'''
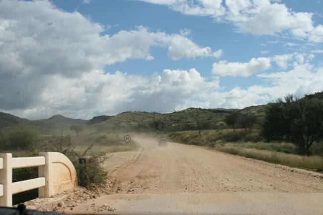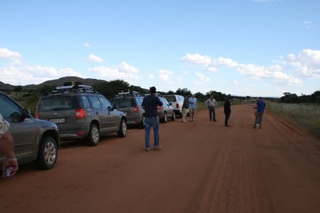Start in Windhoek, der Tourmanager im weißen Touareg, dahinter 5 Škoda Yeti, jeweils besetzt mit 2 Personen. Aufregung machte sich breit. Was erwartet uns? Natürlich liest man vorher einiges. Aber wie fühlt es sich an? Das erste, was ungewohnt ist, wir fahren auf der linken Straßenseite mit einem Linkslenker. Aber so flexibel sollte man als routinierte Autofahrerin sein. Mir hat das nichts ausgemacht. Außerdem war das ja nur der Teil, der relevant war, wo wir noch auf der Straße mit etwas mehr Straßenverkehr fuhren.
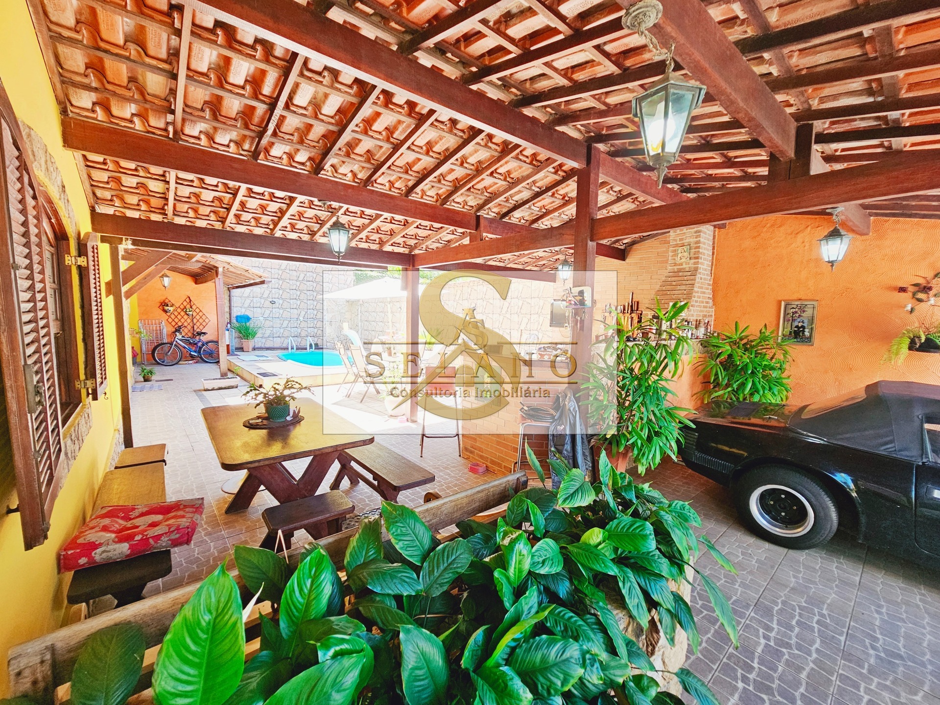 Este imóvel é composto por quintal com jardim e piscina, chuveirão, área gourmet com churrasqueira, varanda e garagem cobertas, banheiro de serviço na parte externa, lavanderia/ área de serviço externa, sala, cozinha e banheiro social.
'''
'''
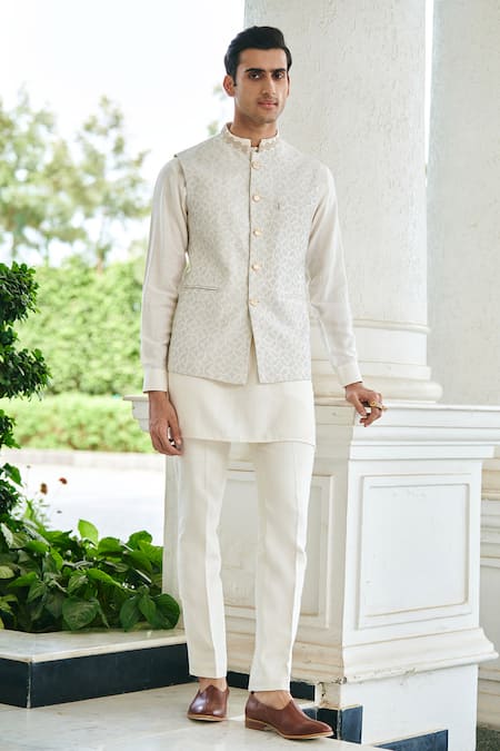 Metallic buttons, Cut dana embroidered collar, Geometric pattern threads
'''
WORK INSTRUCTIONS :: Treat the line with "Start in Windhoek, der" as the start and the line with "Este imóvel é" as the end, and return exactly that span of the data above, both ends included, without pictures.

ANSWER SECTION ::
Start in Windhoek, der Tourmanager im weißen Touareg, dahinter 5 Škoda Yeti, jeweils besetzt mit 2 Personen. Aufregung machte sich breit. Was erwartet uns? Natürlich liest man vorher einiges. Aber wie fühlt es sich an? Das erste, was ungewohnt ist, wir fahren auf der linken Straßenseite mit einem Linkslenker. Aber so flexibel sollte man als routinierte Autofahrerin sein. Mir hat das nichts ausgemacht. Außerdem war das ja nur der Teil, der relevant war, wo wir noch auf der Straße mit etwas mehr Straßenverkehr fuhren.
 Este imóvel é composto por quintal com jardim e piscina, chuveirão, área gourmet com churrasqueira, varanda e garagem cobertas, banheiro de serviço na parte externa, lavanderia/ área de serviço externa, sala, cozinha e banheiro social.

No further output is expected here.